State v. Strickland
Louisiana Supreme Court
683 So. 2d 218 (1996)
On November 3, 1992, law-enforcement officers responded to a report of a robbery and shooting at a bank. The officers saw Jesse Pinsonneault lying in a pool of blood. Pinsonneault told the officers that he had come to make a deposit at the bank when a man behind Pinsonneault said something to him. When Pinsonneault turned around, the man shot Pinsonneault in the chest and grabbed one of the bank bags in Pinsonneault’s hand. Pinsonneault died from the gunshot wound. Following an investigation into Pinsonneault’s death, law-enforcement officers arrested Lawson Strickland (defendant). Strickland was charged with crimes including first-degree murder and armed robbery. Strickland’s girlfriend, Kimberly Atkins, was also arrested and eventually pleaded guilty as an accessory after the fact of first-degree murder.

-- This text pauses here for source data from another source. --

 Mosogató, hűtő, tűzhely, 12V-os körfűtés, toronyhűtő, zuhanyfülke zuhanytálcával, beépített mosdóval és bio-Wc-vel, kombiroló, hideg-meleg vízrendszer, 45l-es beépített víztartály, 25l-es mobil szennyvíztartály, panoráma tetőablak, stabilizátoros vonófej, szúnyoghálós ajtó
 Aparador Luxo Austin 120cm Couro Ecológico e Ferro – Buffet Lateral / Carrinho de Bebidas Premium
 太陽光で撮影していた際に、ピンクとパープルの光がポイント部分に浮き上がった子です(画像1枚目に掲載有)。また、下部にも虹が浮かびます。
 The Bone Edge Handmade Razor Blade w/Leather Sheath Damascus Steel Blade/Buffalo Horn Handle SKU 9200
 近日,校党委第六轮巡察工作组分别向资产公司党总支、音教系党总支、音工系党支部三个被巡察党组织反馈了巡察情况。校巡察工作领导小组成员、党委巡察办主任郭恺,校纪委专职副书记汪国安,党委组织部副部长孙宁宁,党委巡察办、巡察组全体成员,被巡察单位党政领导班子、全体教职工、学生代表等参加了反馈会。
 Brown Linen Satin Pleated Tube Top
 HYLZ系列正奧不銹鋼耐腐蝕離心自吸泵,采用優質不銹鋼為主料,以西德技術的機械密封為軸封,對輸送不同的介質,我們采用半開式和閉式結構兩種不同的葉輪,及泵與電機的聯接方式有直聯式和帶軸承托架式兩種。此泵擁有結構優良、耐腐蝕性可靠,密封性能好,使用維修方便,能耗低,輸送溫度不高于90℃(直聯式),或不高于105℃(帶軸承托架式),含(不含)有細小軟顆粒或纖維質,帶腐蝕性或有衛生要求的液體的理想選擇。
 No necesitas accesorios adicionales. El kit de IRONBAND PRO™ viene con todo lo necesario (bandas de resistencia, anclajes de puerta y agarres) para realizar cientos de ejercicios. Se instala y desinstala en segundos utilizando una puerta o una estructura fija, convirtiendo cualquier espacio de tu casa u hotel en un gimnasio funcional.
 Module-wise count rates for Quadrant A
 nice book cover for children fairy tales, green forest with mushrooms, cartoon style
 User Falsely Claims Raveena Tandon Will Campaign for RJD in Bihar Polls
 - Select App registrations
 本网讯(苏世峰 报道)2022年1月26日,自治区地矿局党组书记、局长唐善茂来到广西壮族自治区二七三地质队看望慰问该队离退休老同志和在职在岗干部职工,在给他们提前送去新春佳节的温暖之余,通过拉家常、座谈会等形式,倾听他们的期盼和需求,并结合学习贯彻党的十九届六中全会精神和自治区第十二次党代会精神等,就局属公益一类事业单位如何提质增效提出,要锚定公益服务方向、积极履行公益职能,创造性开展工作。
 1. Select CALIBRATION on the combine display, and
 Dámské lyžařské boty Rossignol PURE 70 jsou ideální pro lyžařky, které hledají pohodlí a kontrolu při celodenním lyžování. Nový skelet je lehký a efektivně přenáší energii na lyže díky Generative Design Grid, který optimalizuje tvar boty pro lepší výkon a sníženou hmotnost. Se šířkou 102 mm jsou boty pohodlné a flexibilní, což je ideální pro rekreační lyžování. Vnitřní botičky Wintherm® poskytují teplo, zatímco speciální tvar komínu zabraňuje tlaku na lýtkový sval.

At Strickland’s trial, the prosecution (plaintiff) introduced letters that Strickland had written to Atkins. In the letters, Strickland described the crimes and told Atkins what she should say to the police. The trial court admitted the letters into evidence over Strickland’s objection, though the court redacted some inflammatory statements and statements about other crimes from the letters before showing them to the jury. Atkins also testified at trial about receiving the letters and discussing the letters on the phone with Strickland. The jury found Strickland guilty, and the trial court sentenced Strickland to death. Strickland appealed directly to the Louisiana Supreme Court.